Local News

Durham Senior Center Proving To Be A Minor Attraction So Far

Posted September 18, 2006

— Four months after the state's largest senior center opened to keep people active and healthy, few people are taking advantage of it.

The 35,000-square-foot, $5.5 million building was designed to meet the needs of Durham's senior-citizen population, which is expected to nearly double by 2020. But only about 25 to 30 of the city's 25,000 senior citizens use the center on an average day.

"That building should be swirling with people. Now, it's like walking into an echo chamber," Durham City Councilman Eugene Brown said.

"I was coming on Fridays to see the movie, but nobody was here. I didn't want to watch the movie alone. I can stay home and watch TV by myself," 75-year-old resident Mary Jo Pullen said.

The center held an open house Monday to publicize its activities, but only two dozen people showed up.

"We admit we haven't seen as many as we'd like to see," center director Nancy Love said. "It could be running better if seniors would start participating."

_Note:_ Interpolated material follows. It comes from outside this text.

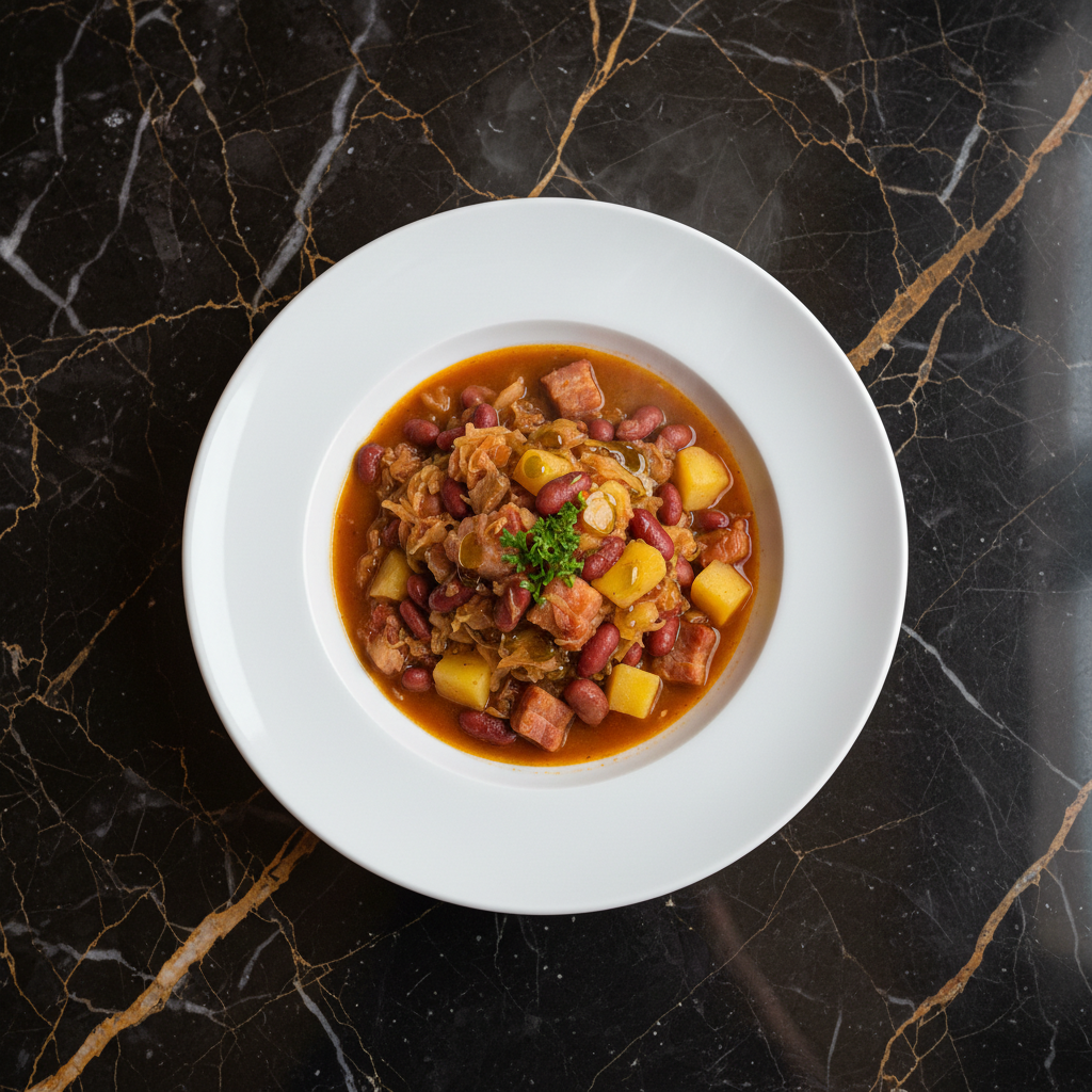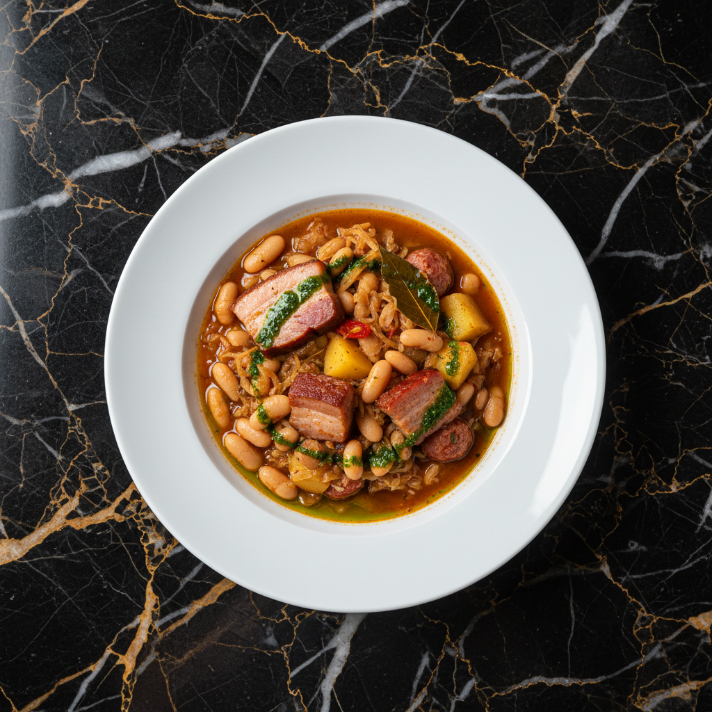 A hearty and comforting Slovenian stew, Jota is a classic Alpine dish featuring tender beans, tangy sauerkraut, soft potatoes, and savory smoked pork. Perfect for a cold day.

Love said she is looking at expanding the center's hours to include nights and weekends to draw more seniors. She will meet with the county manager and some county commissioners Tuesday to devise a plan to turn the center around.

The county used 2001 bond money to finance the center's construction on North Rigsbee Avenue.

Commissioner Ellen Reckhow pointed to problems like a kitchen filled with paint cans instead of pots and pans and an activity program that consists of little more than board games and lectures.

Love said the original plans for the building didn't call for a full-scale kitchen. So, the kitchen still needs wiring and plumbing, and she said she hopes to have it running by November.

"We've got to follow up and figure out how to straighten things out," Reckhow said.